Have You Ever Reached Your Limit With Your Kid?
By Emily Mall —
Sep 7, 2024
When you feel you have HAD it with your kid...you dear friend, are triggered.
So what? What does this mean?
It means you are out of tools in your emotional management toolbox.
When you are “triggered,” you are in distress because of something read, seen, or heard, and typically as a result of arousing feelings or memories associated with a particular traumatic or vital experience. (Dan and I talk a lot about how utterly normal it is to be triggered by our kids on The Great Job! Podcast!). Being a parent or caregiver brings up all kinds of triggers because it reminds us of the good and bad from our own childhoods.
When you have reached the “last straw” or find yourself on your “last nerve” with your kids, consider how you felt as a kid when you were in your kids exact situation. Maybe you remember that you’d get so angry you’d lash out and hurt others, or maybe you were so sensitive that any small criticism would shut you down for days. Perhaps you remember your parents being hard on you for what seemed like no reason, or maybe there were life skills you struggled with that your siblings or other kids didn’t.
Chances are, your kid is struggling with the same (or similar) issues that you did as a kid (and perhaps didn’t even realize it at the time). It’s triggering for you now, because as a kid, you likely weren’t taught helpful skills, strategies, tools, or ways to manage whatever big emotions, overwhelm, or chaos you felt. As an adult, you are watching your kid go through the same thing, which stirs up those old memories and feelings that were never managed.
Here’s the bad news (I promise there’s good news after): being triggered is a sign that you are still missing the tools to manage this issue. Yes, ugh, there are still things we (all!) need to work on.
Here’s the good news: You’re an adult now! You have the capability and capacity to obtain more tools! Your brain is mature enough to notice, be aware, and catch your trigger in a way that you couldn’t have done as a kid. You can get support, enlist help, read books, take classes, listen to The Great Job! Podcast 😜, talk to someone (a therapist!), ask friends, communicate with your family, etc. Taking responsibility for your reactions and being aware of your emotional capacity are signs that you are a mature adult, so take heart! ❤️
Break negative generational cycles.
We all have triggers AND we all have the capacity as humans to learn and grow. We can add more tools not just to our own toolboxes, but to our kids tool boxes as well. It’s win-win!
This Week: Think about the last time you lost it with your kid over something and found yourself fuming, ruminating, or being over-emotional about it for a while afterwards. I’ll go first: my youngest promised to clean her room all week, then on Friday she out-right refused. She was overwhelmed by it and the idea of starting. In the past I’ve rescued her from this feeling (a sign!) and helped her, but this week I was unwilling to do it, and it needed to be done by the next day.

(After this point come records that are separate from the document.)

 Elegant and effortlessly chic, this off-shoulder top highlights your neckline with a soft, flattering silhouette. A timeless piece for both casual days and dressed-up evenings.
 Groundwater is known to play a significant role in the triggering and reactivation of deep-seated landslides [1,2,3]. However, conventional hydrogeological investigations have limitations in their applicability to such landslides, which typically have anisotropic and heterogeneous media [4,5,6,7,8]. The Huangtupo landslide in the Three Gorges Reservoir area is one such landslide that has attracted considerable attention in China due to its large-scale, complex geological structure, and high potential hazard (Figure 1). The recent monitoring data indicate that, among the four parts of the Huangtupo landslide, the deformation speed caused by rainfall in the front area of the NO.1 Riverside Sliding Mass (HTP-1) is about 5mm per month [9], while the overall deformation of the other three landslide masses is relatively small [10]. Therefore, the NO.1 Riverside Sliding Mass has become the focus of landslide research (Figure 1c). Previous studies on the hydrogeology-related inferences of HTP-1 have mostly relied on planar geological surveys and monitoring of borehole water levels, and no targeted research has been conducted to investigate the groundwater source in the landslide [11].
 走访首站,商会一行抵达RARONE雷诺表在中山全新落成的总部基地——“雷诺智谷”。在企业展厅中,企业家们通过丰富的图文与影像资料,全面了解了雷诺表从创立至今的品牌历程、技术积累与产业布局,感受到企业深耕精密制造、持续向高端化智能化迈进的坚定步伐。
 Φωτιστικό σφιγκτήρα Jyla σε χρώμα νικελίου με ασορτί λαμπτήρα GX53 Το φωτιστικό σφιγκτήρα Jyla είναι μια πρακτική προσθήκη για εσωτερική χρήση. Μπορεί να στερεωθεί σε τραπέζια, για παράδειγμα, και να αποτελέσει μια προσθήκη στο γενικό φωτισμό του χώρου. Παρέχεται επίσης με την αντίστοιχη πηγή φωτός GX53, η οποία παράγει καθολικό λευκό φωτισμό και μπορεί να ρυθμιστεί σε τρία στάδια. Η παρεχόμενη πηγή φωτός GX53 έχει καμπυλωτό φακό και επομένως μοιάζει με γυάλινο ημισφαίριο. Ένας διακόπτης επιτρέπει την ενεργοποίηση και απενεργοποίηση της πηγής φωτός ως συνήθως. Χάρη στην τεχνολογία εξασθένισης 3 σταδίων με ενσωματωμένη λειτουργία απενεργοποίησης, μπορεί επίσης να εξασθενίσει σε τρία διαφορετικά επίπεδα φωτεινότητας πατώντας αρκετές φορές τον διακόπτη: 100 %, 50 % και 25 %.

I got so frustrated when she started crying that I had to pass the baton to Dan and go for a drive. This is definitely something that was hard for me as a sensitive kid...I still want to be rescued when I’m overwhelmed. I’m working on it!
In what ways have you noticed being triggered lately?

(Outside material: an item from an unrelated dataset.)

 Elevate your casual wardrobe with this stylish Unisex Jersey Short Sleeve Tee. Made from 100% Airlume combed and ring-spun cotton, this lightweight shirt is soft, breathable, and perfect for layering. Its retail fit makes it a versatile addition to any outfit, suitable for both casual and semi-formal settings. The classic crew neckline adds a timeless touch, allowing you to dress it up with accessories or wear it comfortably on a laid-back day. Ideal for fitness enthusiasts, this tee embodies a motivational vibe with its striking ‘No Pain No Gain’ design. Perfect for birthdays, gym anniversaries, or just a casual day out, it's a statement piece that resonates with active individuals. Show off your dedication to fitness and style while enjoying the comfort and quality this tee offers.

Was it your kids being disrespectful and talking back to you?
Did they refuse to clean their room?
Were they ungrateful or demonstrating ungratefulness for all you do for them?
Was it an argument over who was right or wrong about something?
Did they lie to you or hide something from you?
Do you remember what happened when you did this same thing as a kid? How did your parents/caregivers react? Did they help or make it worse? Did the issue resolve, or were you mostly confused or uncertain why something was such a big deal? Spend ten minutes this week doing a bit of research (googling, parenting books, chat with friends, therapist, etc.) about your trigger to discover new, healthy ways (new tools!) of managing or coping. It could be as simple as taking a deep breath before responding, leaving the room for fifteen minutes, talking it out in a quiet space with your kid, etc. Test out a new tool this week.
You are an amazing human. And you’re doing a Great job!